2. The method for preparing a 1, 5-tetrahydronaphthyridine derivative according to claim 1, wherein: the inert atmosphere is nitrogen.

3. The method for preparing a 1, 5-tetrahydronaphthyridine derivative according to claim 1, wherein: the mol ratio of the alkene butylaminopyridine compound to the rare earth catalyst is 1.0/0.1.

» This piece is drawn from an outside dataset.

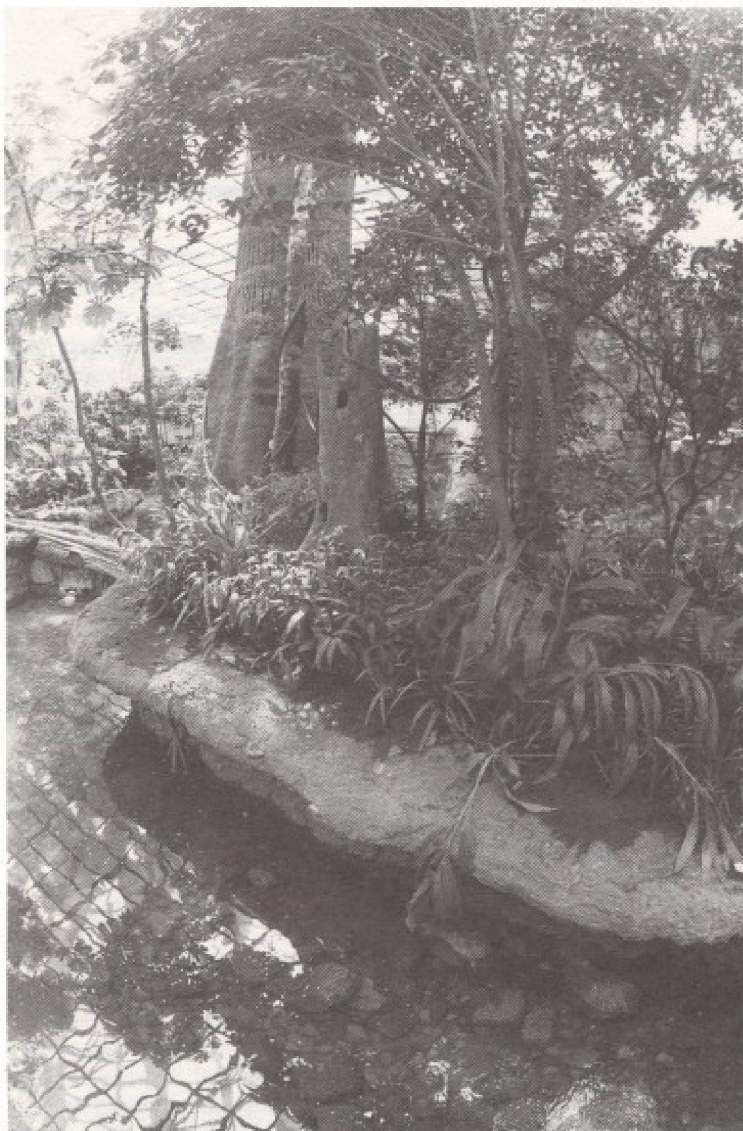
Biodôme de Montréal. La forêt tropicale, chaude et humide, illustre la diversité des espèces végétales du bassin amazonien.

objets qui mettent en relief diverses fonctions adaptatives des animaux et des végétaux.

4. The method for preparing a 1, 5-tetrahydronaphthyridine derivative according to claim 1, wherein: the reaction temperature is 80-100 ℃, and the reaction time is 24-48 h.

5. The method for preparing a 1, 5-tetrahydronaphthyridine derivative according to claim 1, wherein: the amount of dibenzylamine added was the same as the amount of the catalyst.